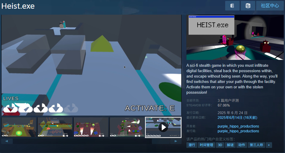 《Heist.exe》是一款科幻題材的潛行遊戲。你將潛入數字設施中,偷取重要物品並悄悄逃脫。途中你會遇到可切換路徑的機關開關,使用偷來的物品即可激活。
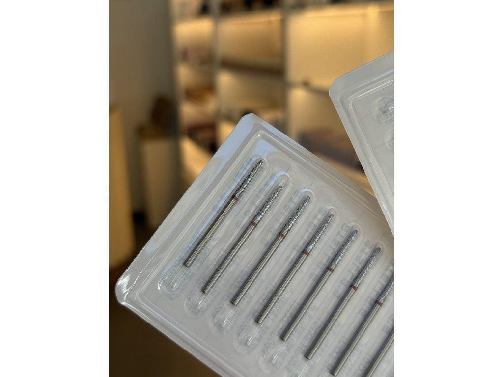The professional STELLA'S carbide drill bit in a thin needle shape with a red band is ideal for delicate and precise work in both manicure and pedicure. Thanks to its narrow tip, it easily reaches hard-to-access areas and allows maximum control during detailed work.
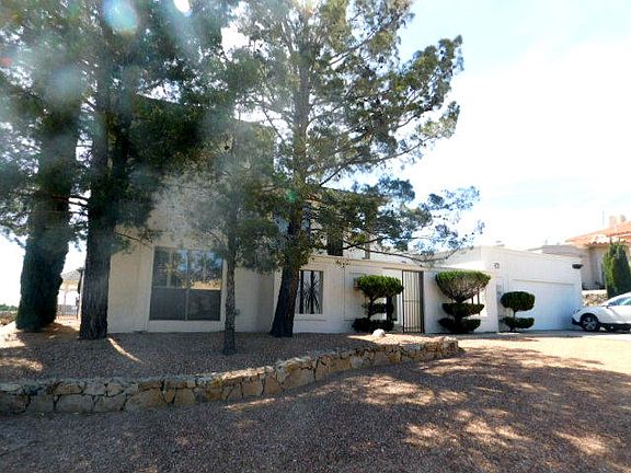 Attractive two-story Territorial home with a unique floor plan and spectacular views. This four-bedroom, three-bathroom home features a large, sunken living room with cathedral ceilings and windows with panoramic views of the Rio Grande Valley and the Potrillo Mountains over a hundred miles away in New Mexico. A two-way fireplace connects the living room with the den and a spacious kitchen. A formal dining room has cabinets that match kitchen cabinets. The kitchen features granite counter tops, a large island, and a built-in pantry. The electric stove top has a downdraft vent; the electric oven and microwave are built in. The home is cooled by two refrigerated-air units. The updated bathrooms include granite countertops and designer fixtures. The spacious master suite occupies the entire second floor and features a balcony, a roof garden, and numerous windows with plantation shutters to enjoy the views. The large garden includes a gazebo, a spacious covered patio, pergolas, and a hidden, private hot tub. But the most outstanding feature is the amazing views of the Rio Grande Valley and New Mexico.
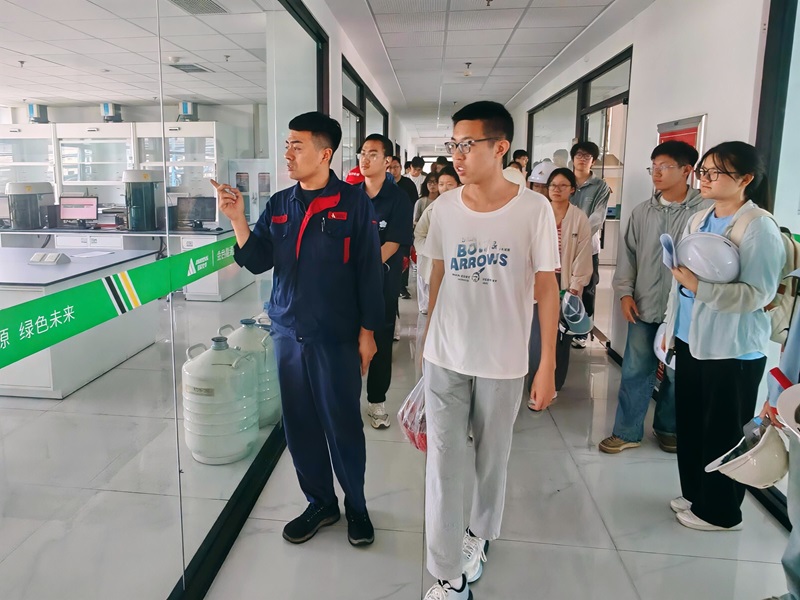 在訪談部分,實踐隊隊長侯羽星就“金能化學如何實現雙碳目標下石油煉化行業綠色轉型”提出問題。講解員表示:“金能化學在不斷改進生產方法如光能發電、使用氫能、減少天然氣的使用提高能源利用,實現產業升級與轉型。”綠色工廠詮釋可持續發展擔當,一線工匠精神令人動容。此次金能化學的參觀學習,既讓實踐隊員們對化工行業的綠色未來有了更清晰的認知,也為他們將專業知識與產業需求相結合指明了方向——無論是投身技術研發攻克減碳難題,還是立足生產一線踐行精細化管理,都能在“雙碳”戰略的浪潮中找到屬于自己的職業坐標。這場實踐,不僅是一次行業認知的深化,更是一次關于責任與成長的深刻啟蒙。
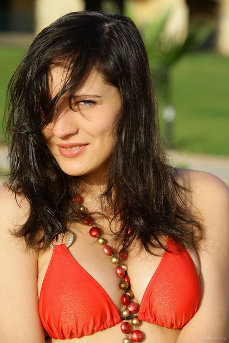 Saylor takes off her bikini and presents her sexy body and big tits outdoors
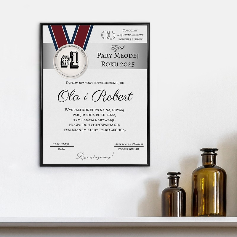 Plakat w w ramce na ślub / Dyplom dla najlepszej pary / Czarna ramka 30x40 cm z plexi
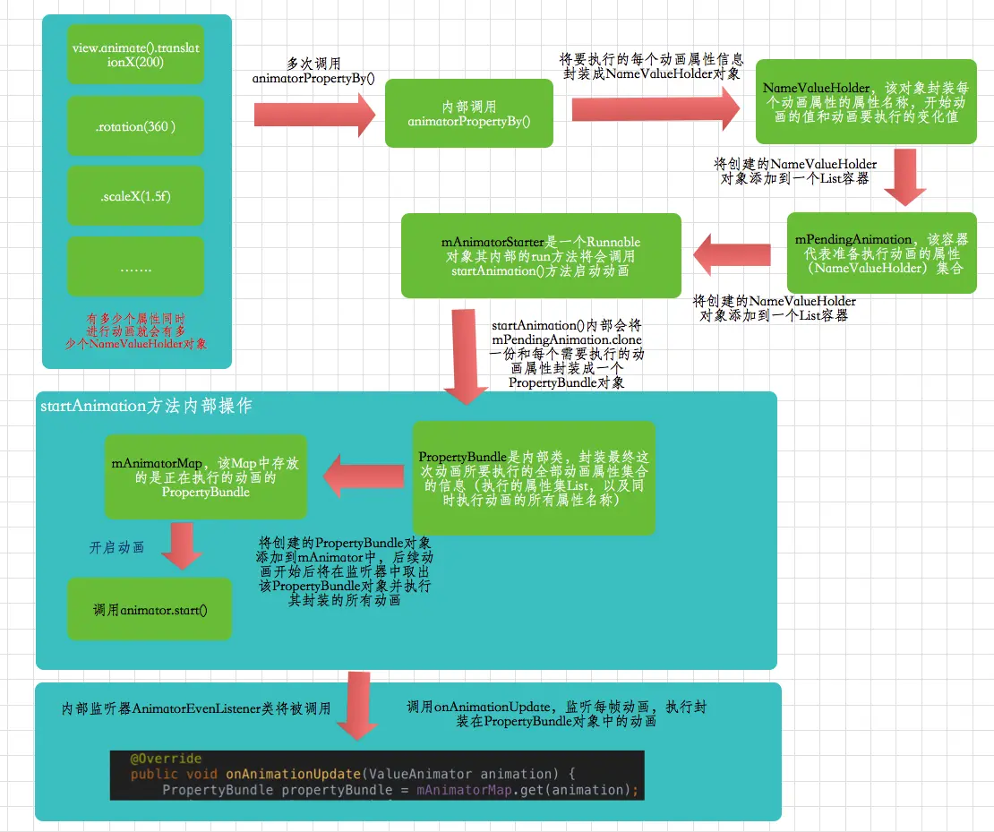 现在应该比较清晰了吧,以上就是ViewPropertyAnimator内部的大概执行流程。好~,ViewPropertyAnimator介绍到这。
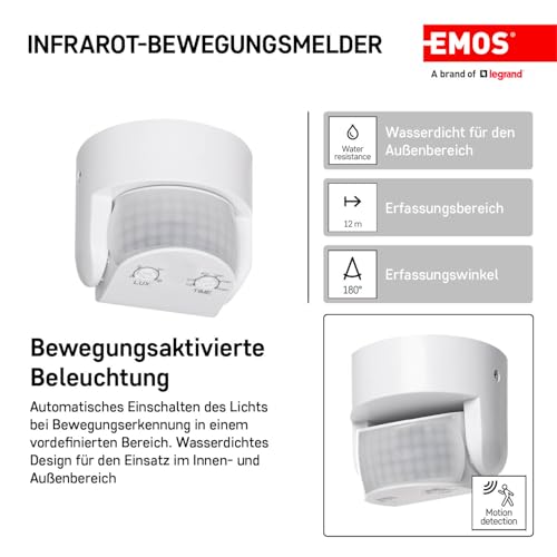 EMOS Mini Infrarot-Bewegungsmelder - 360° Erfassung, 6m Reichweite, Für Innenbereich
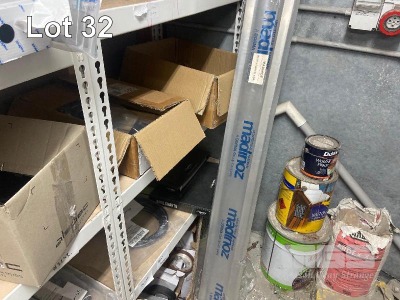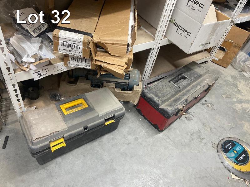 CONTENTS 3 x RACKS INCLUDING SAFETY FIRST AID KITS, ELEC MOTOR, DOOR HANDLES, SOFT CLOSE HINGES, ELECTRIC CABLE, AIR HOSE & TOOL BOXES
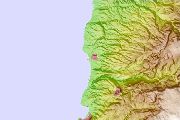 Use this relief map to navigate to tide stations, surf breaks and cities that are in the area of Jbail.
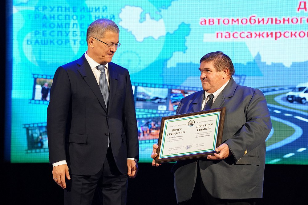 24 октября в Уфе состоялось торжественное мероприятие, посвящённое Дню работника автомобильного и городского пассажирского транспорта. Глава Башкортостана Радий Хабиров поздравил работников и ветеранов «Башавтотранса» с профессиональным праздником и вручил государственные награды.
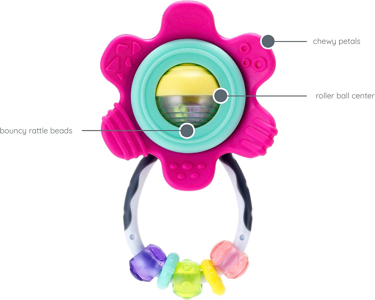 This cheerful rattle has a number of busy actions for little ones to find. The multi-texture petals are excellent for teething and sensory studying. The curler ball heart has bouncy rainbow beads. And, the easy-to-grasp deal with contains spinning, chaser beads.
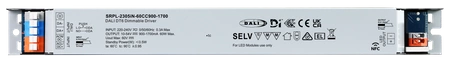 SRPL-2305iN-60CC900-1700 to zasilacz LED w długiej metalowej obudowie o mocy 60W, posiadający certyfikat D4i. Jest zaprojektowany z jednokanałowym wyjściem prądowym o regulowanym zakresie od 900 mA do 1700 mA, co sprawia, że jest odpowiedni dla lamp LED o różnych wartościach prądu. Posiada wejście AC 220-240V. Współczynnik mocy tego zasilacza może wynosić powyżej 0,98, a sprawność jest wyższa niż 87%. Umożliwia płynne i głębokie ściemnianie do 0,1% bez migotania. 1 adres DALI można ręcznie przypisać za pomocą przycisków, co jest wyświetlane na wyświetlaczu cyfrowym, lub automatycznie przez urządzenia nadrzędne DALI. Zgodny z normami IEC62386-101:2014, 102:2014, 207 ed.2,i jest kompatybilny z aplikacjami sterującymi i urządzeniami sterującymi z certyfikatem DALI-2.

******

Exercise details: Everything in the entries except the pictures should be returned exactly as given.

The completed task:
 《Heist.exe》是一款科幻題材的潛行遊戲。你將潛入數字設施中,偷取重要物品並悄悄逃脫。途中你會遇到可切換路徑的機關開關,使用偷來的物品即可激活。
The professional STELLA'S carbide drill bit in a thin needle shape with a red band is ideal for delicate and precise work in both manicure and pedicure. Thanks to its narrow tip, it easily reaches hard-to-access areas and allows maximum control during detailed work.
 Attractive two-story Territorial home with a unique floor plan and spectacular views. This four-bedroom, three-bathroom home features a large, sunken living room with cathedral ceilings and windows with panoramic views of the Rio Grande Valley and the Potrillo Mountains over a hundred miles away in New Mexico. A two-way fireplace connects the living room with the den and a spacious kitchen. A formal dining room has cabinets that match kitchen cabinets. The kitchen features granite counter tops, a large island, and a built-in pantry. The electric stove top has a downdraft vent; the electric oven and microwave are built in. The home is cooled by two refrigerated-air units. The updated bathrooms include granite countertops and designer fixtures. The spacious master suite occupies the entire second floor and features a balcony, a roof garden, and numerous windows with plantation shutters to enjoy the views. The large garden includes a gazebo, a spacious covered patio, pergolas, and a hidden, private hot tub. But the most outstanding feature is the amazing views of the Rio Grande Valley and New Mexico.
 在訪談部分,實踐隊隊長侯羽星就“金能化學如何實現雙碳目標下石油煉化行業綠色轉型”提出問題。講解員表示:“金能化學在不斷改進生產方法如光能發電、使用氫能、減少天然氣的使用提高能源利用,實現產業升級與轉型。”綠色工廠詮釋可持續發展擔當,一線工匠精神令人動容。此次金能化學的參觀學習,既讓實踐隊員們對化工行業的綠色未來有了更清晰的認知,也為他們將專業知識與產業需求相結合指明了方向——無論是投身技術研發攻克減碳難題,還是立足生產一線踐行精細化管理,都能在“雙碳”戰略的浪潮中找到屬于自己的職業坐標。這場實踐,不僅是一次行業認知的深化,更是一次關于責任與成長的深刻啟蒙。
 Saylor takes off her bikini and presents her sexy body and big tits outdoors
 Plakat w w ramce na ślub / Dyplom dla najlepszej pary / Czarna ramka 30x40 cm z plexi
 现在应该比较清晰了吧,以上就是ViewPropertyAnimator内部的大概执行流程。好~,ViewPropertyAnimator介绍到这。
 EMOS Mini Infrarot-Bewegungsmelder - 360° Erfassung, 6m Reichweite, Für Innenbereich
 CONTENTS 3 x RACKS INCLUDING SAFETY FIRST AID KITS, ELEC MOTOR, DOOR HANDLES, SOFT CLOSE HINGES, ELECTRIC CABLE, AIR HOSE & TOOL BOXES
 Use this relief map to navigate to tide stations, surf breaks and cities that are in the area of Jbail.
 24 октября в Уфе состоялось торжественное мероприятие, посвящённое Дню работника автомобильного и городского пассажирского транспорта. Глава Башкортостана Радий Хабиров поздравил работников и ветеранов «Башавтотранса» с профессиональным праздником и вручил государственные награды.
 This cheerful rattle has a number of busy actions for little ones to find. The multi-texture petals are excellent for teething and sensory studying. The curler ball heart has bouncy rainbow beads. And, the easy-to-grasp deal with contains spinning, chaser beads.
 SRPL-2305iN-60CC900-1700 to zasilacz LED w długiej metalowej obudowie o mocy 60W, posiadający certyfikat D4i. Jest zaprojektowany z jednokanałowym wyjściem prądowym o regulowanym zakresie od 900 mA do 1700 mA, co sprawia, że jest odpowiedni dla lamp LED o różnych wartościach prądu. Posiada wejście AC 220-240V. Współczynnik mocy tego zasilacza może wynosić powyżej 0,98, a sprawność jest wyższa niż 87%. Umożliwia płynne i głębokie ściemnianie do 0,1% bez migotania. 1 adres DALI można ręcznie przypisać za pomocą przycisków, co jest wyświetlane na wyświetlaczu cyfrowym, lub automatycznie przez urządzenia nadrzędne DALI. Zgodny z normami IEC62386-101:2014, 102:2014, 207 ed.2,i jest kompatybilny z aplikacjami sterującymi i urządzeniami sterującymi z certyfikatem DALI-2.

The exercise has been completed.